[Dataset — start]
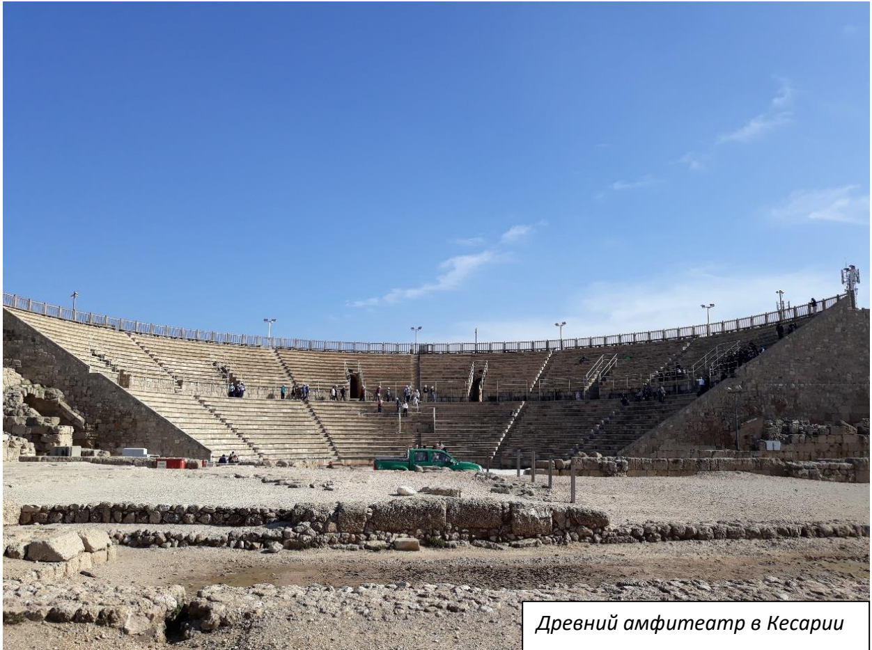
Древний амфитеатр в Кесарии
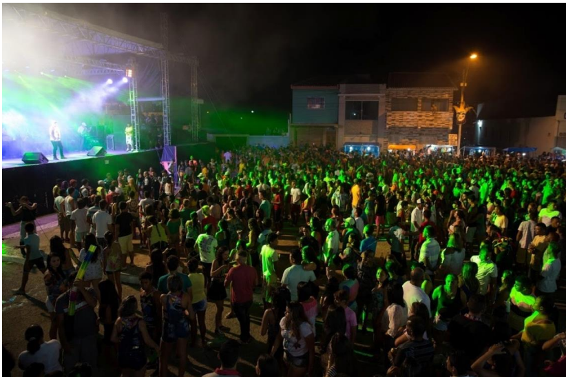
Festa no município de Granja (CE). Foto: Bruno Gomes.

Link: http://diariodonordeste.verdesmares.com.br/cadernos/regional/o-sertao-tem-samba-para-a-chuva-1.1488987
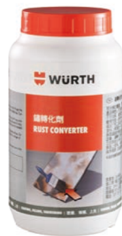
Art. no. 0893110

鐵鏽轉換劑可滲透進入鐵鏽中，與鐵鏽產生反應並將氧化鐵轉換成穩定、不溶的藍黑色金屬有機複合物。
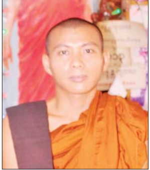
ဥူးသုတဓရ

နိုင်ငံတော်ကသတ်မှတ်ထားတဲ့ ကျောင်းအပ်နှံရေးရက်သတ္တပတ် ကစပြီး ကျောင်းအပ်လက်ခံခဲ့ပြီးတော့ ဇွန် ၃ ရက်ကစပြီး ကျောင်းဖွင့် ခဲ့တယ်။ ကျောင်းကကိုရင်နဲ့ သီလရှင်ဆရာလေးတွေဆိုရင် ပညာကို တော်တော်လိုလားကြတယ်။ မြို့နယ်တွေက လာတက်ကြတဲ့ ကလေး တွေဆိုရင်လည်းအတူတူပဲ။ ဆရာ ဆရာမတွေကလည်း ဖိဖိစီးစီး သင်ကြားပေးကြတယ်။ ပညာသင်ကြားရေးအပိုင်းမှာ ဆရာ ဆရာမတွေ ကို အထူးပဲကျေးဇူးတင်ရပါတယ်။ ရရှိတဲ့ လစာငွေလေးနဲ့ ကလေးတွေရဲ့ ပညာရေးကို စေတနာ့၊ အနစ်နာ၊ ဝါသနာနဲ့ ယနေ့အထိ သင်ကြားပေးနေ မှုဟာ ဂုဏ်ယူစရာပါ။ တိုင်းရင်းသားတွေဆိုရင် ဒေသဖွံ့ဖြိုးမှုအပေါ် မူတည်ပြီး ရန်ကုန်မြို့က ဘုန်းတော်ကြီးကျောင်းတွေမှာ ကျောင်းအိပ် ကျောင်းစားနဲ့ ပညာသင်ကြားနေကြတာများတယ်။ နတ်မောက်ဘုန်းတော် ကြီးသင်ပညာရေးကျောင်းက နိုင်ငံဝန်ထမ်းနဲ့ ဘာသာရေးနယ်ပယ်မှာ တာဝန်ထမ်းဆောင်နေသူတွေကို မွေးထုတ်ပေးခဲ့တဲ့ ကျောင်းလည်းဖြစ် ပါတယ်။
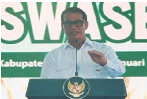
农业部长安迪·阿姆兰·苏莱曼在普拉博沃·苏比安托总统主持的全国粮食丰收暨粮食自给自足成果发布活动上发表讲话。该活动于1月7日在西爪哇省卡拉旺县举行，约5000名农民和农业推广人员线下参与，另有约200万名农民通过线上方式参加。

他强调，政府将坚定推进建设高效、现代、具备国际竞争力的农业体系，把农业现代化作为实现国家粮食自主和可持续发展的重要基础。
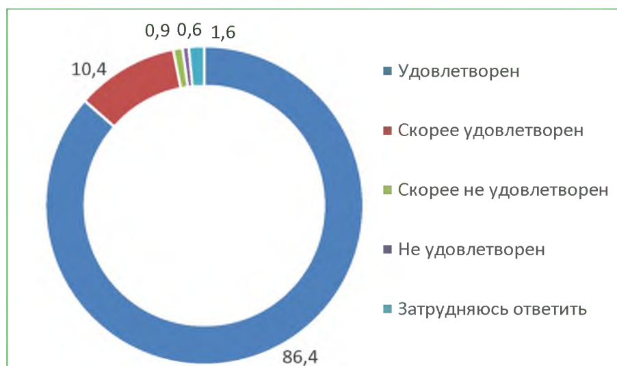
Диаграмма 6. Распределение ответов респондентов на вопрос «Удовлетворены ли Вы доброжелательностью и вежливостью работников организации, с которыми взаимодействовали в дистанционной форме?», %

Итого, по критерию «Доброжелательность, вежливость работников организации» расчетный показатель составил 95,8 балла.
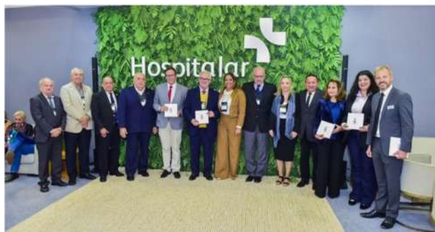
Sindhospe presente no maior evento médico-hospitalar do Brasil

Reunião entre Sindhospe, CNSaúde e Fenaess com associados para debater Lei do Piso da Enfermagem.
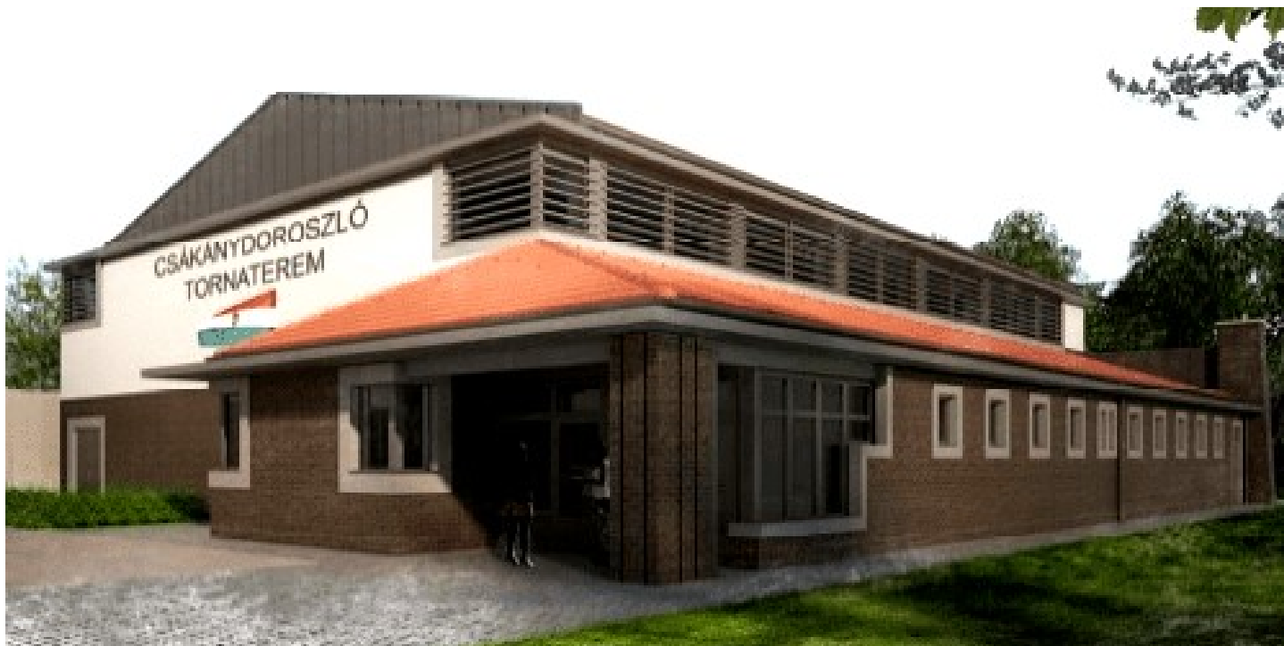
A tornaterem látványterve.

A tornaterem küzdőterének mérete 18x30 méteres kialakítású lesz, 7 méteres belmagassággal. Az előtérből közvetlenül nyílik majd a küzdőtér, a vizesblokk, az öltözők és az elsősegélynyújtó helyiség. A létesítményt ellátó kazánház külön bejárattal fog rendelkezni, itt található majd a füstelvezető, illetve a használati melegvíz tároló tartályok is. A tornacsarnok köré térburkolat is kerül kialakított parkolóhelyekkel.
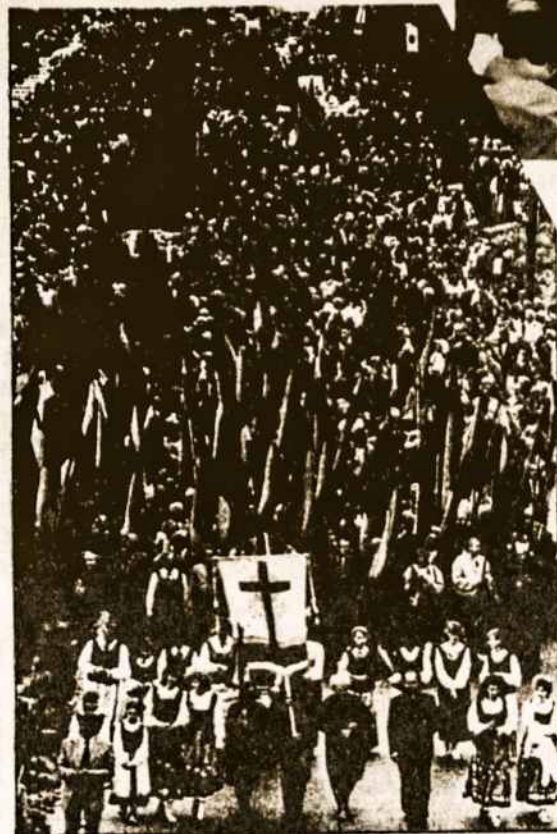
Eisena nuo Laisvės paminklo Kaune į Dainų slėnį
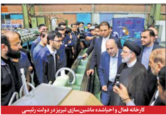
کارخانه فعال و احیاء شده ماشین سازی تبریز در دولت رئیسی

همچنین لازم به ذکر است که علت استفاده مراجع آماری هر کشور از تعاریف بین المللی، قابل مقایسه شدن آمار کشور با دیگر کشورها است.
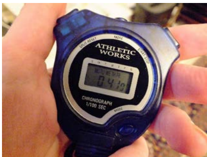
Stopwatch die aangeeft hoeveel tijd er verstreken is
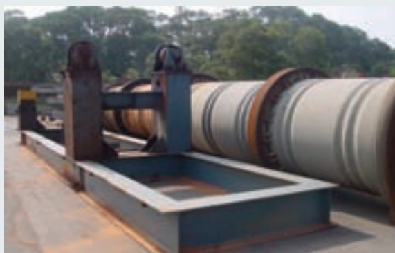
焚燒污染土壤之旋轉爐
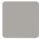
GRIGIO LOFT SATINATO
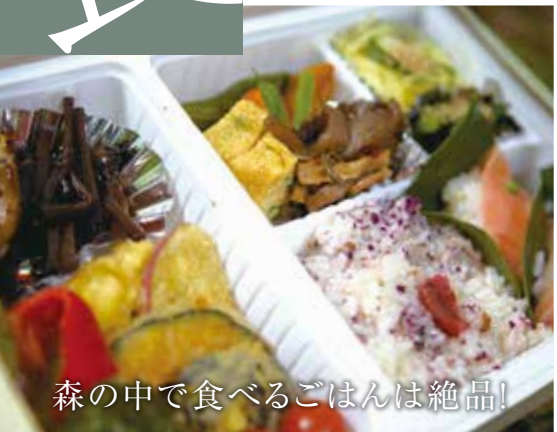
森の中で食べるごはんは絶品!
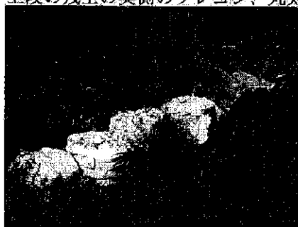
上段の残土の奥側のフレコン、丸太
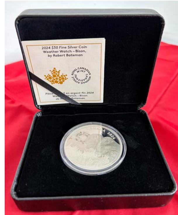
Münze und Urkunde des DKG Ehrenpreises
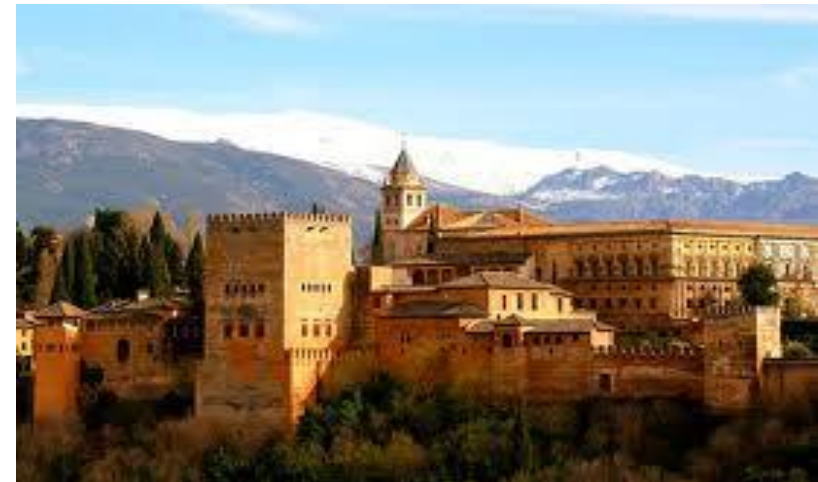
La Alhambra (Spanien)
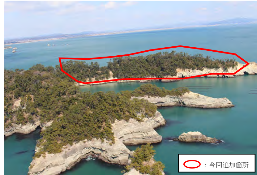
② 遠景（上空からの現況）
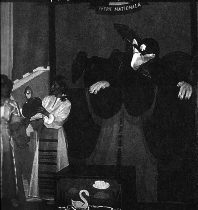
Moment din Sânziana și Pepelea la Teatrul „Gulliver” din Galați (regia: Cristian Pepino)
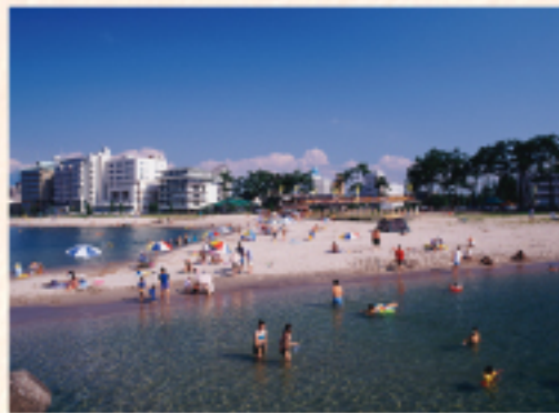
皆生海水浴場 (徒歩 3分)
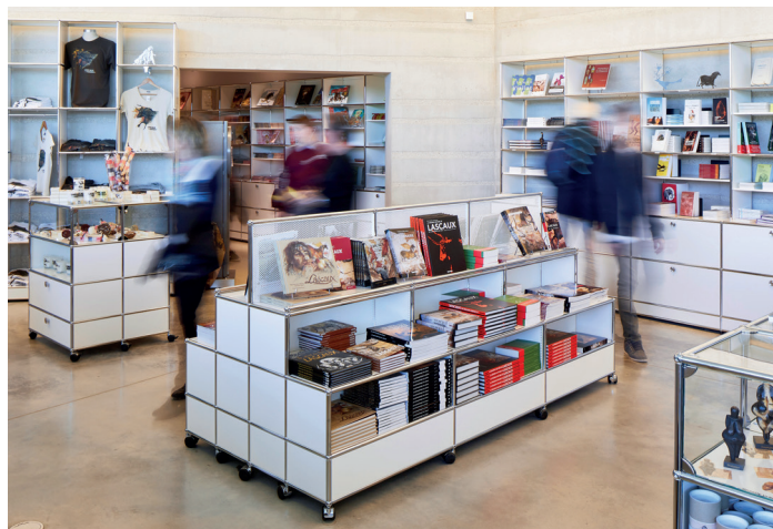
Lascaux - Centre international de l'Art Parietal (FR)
[Dataset — finish]
Exercise directions:
Scan the entries for lines holding the string "работников", then copy every one of them.

Task solution:
Диаграмма 6. Распределение ответов респондентов на вопрос «Удовлетворены ли Вы доброжелательностью и вежливостью работников организации, с которыми взаимодействовали в дистанционной форме?», %
Итого, по критерию «Доброжелательность, вежливость работников организации» расчетный показатель составил 95,8 балла.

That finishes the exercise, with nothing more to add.